The city feels it already has more than enough venues in the area, the Subiaco Hotel, Club Red Sea and the Llama Bar among them.

The City of Subiaco’s liquor licensing policy, which has been endorsed by the council, also states it will not approve small bar licenses where there are more than two other licensed premises within 100 metres that cater for more than 40 people.

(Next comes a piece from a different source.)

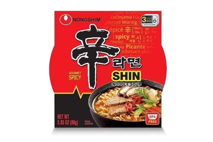 Nongshim Soup, Noodle, Shin Bowl, Gourmet Spicy - 3 Ounces
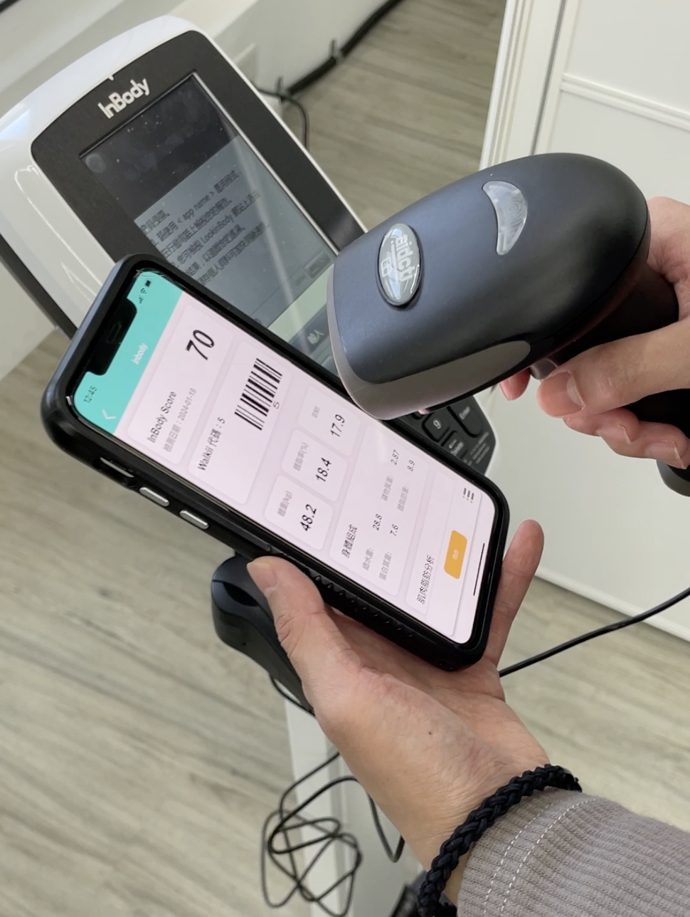 - 使用機器的掃碼機,掃描任務卡內的專屬個人條碼 / Use the InBody machine's scanner to scan your personal barcode in the app.

It also bans the consumption of alcohol in alfresco areas of small bar venues.

A spokeswoman for the City of Subiaco said its policy allowed for a diverse range of drinking venues but took into account “the existing situation in Subiaco.

“The policy seeks to avoid concentration of such activities so that licensed premises in the city are compatible with and contribute to an integrated, vital and positive community,” she said.

Professor Nieuwenhuysen, whose 1986 report on Victoria’s liquor licensing regime formed the basis of a massive overhaul of the state’s laws, said developing a strong bar culture needed the support of local governments and liquor licensing authorities, as well as hospitality operators.

“It is about giving business the freedom to experiment under reasonable planning laws and it depends on the goodwill of the council and liberalised liquor laws,” he said.

There has been a proliferation of liquor licenses in Melbourne – from about 3,000 to 17,000 – in the space of 20 years.

But Professor Nieuwenhuysen said alcohol consumption per capita had not increased.

He said most alcohol-related problems occurring in Melbourne actually stemmed from larger venues and nightclubs catering to more than 1,000 people.

A month after Western Australia’s new liquor laws were introduced, the City of Perth amended its policies to promote small bars and cafes wanting to serve patrons wine without also serving a meal.